The material obtained in this way is subjected to selective hydrogenolysis as in Example 1 to to remove the carbobenzoxy protecting group from the α-amino group of the side chain, taking 200 mg 7- (d, l-a-aminophenylacetamino) -cepnalosporanic acid can be obtained as the end product.

Example 3
7- (d, la-aminophenylacetamino) -cephalosporanic acid

2.1 ecm of triethylamine are added to a mixture of 230 ecm of dioxane and 15 ecm of acetone, followed by 4.25 g of dJ-N-carbobenzoxy-a-aminophenylacetic acid. The resulting solution is ^{cooled to 0} ° C. and a solution of 2.04 g of isobutyl chloroformate in 15 ecm of acetone is added dropwise with stirring over the course of 15 minutes. When the addition is complete, the mixture is left to stand at 0 ° C. for 10 minutes.

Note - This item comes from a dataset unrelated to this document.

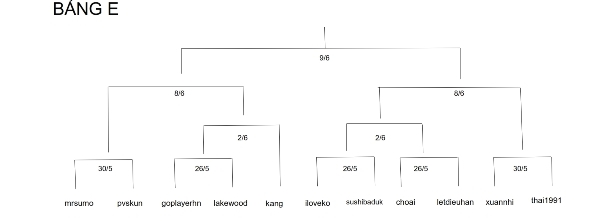 The preliminary is composed of 8 groups' knock-out tournaments, and it is also divided by gender, which means there are 6 male group tournaments and 2 female group tournaments. After the preliminary, the 8 league winners play a Swiss league to figure the top of the tops out.
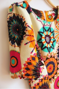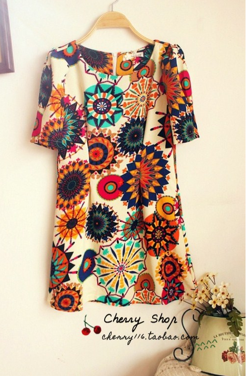 Վզի կլր բացվածքով, կիսաթև, վերևից ուղիղ իջնող, բազմագույն նախշերով, ամենօրյա գեղեցիկ շրջազգեստ:

It is then with a solution of 4.1 g of 7-aminocephalosporanic acid and 2.1 ecm of triethylamine in 15 ecm of water added. This mixture is 2 hours left to stand at room temperature. It is then diluted with 300 ecm of water and twice with Ether washed. The washed solution is acidified to pH 2 with 1 normal hydrochloric acid and extracted with 300 ecm ethyl acetate. The ethyl acetate extract is washed once with water and then extracted at a pH of 6.5 with 100 ecm of water, the pH adjustment with 1 normal potassium hydroxide solution is carried out. The aqueous extract is separated off and dried in vacuo evaporated. The crystalline residue obtained is recrystallized from methanol, 2.5 g 7 - (d, l - N - carbobenzoxy - α - aminophenylacetamino) -cephalosporanic acid obtained in the form of the potassium salt will.

The intermediate product obtained in this way is selectively hydrogenated as in Example 1, the 7- (d, l-a-aminophenylacetamino) -cephalosporanic acid is obtained as the desired end product.

Claims (1)

Claims: 1. 7- (a-aminophenylacetamino) -cephalosporanic acid with the formula NH ₂ O CH - C - NH - CH - HC O = C N and their pharmaceutically acceptable salts.
2. Process for the preparation of compounds CH, COOH CH, O-C-O CH, according to claim 1, characterized in that 7-aminocephalosporanic acid or one of its Salts with the one on the amino group by a carbobenzoxy, carboallyloxy, tert-butoxycarbonyl or trityl protected phenylglycine in the presence of a carbodiimide or with a equally protected chloride, bromide, azide, activated ester or mixed anhydride of the phenylglycine, cleaves the protective group from the compound obtained and the The compound obtained in this way is optionally converted into a salt.